### Instructions for the task
Would you please transcribe the data in full and exactly, excluding images?

### Recorded information
####
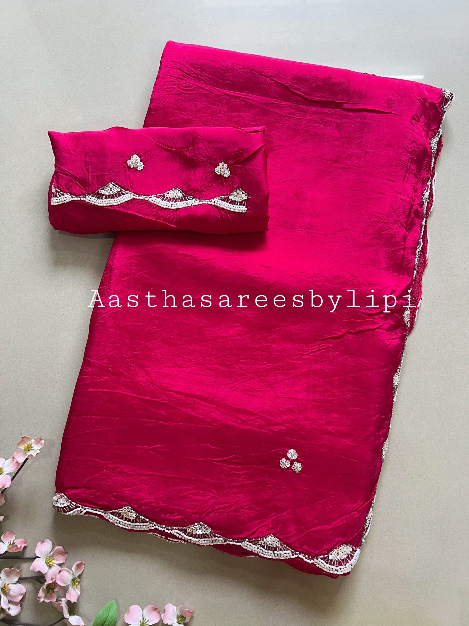 Details: Soft Upada silk fabric Soft flowy and shiny Pearl hand work border butti Same fabric heavy blouse
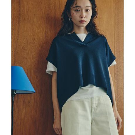 ゆったりとしたシルエットでリラックスムード抜群なポロニット。袖は肩まわりから二の腕ラインをカバー、身頃はゆったりとしたシルエットで着やすいデザインです。前から後ろにかけて裾はなだらかにカーブをつけており、アウトスタイルが様になる一枚。中にノースリーブアイテムや白Tをインナーに合わせて、ちらっとのぞかせるのもお勧めです。
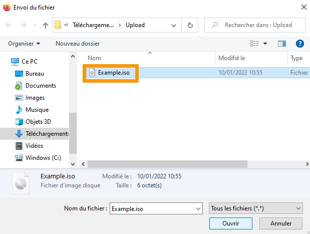 Browse to the ISO file(s) you wish to upload and click Open.
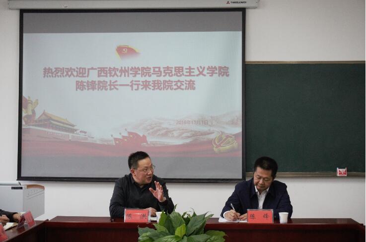 交流会上,陈洪院长和陈锋院长交流了各自学院的基本情况和发展概况。陈锋院长表示,钦州学院正处于转型期,期望在思政理论课教学、思政实践课教育、重点91自拍论坛
####
### Answer area
 Details: Soft Upada silk fabric Soft flowy and shiny Pearl hand work border butti Same fabric heavy blouse
 ゆったりとしたシルエットでリラックスムード抜群なポロニット。袖は肩まわりから二の腕ラインをカバー、身頃はゆったりとしたシルエットで着やすいデザインです。前から後ろにかけて裾はなだらかにカーブをつけており、アウトスタイルが様になる一枚。中にノースリーブアイテムや白Tをインナーに合わせて、ちらっとのぞかせるのもお勧めです。
 Browse to the ISO file(s) you wish to upload and click Open.
 交流会上,陈洪院长和陈锋院长交流了各自学院的基本情况和发展概况。陈锋院长表示,钦州学院正处于转型期,期望在思政理论课教学、思政实践课教育、重点91自拍论坛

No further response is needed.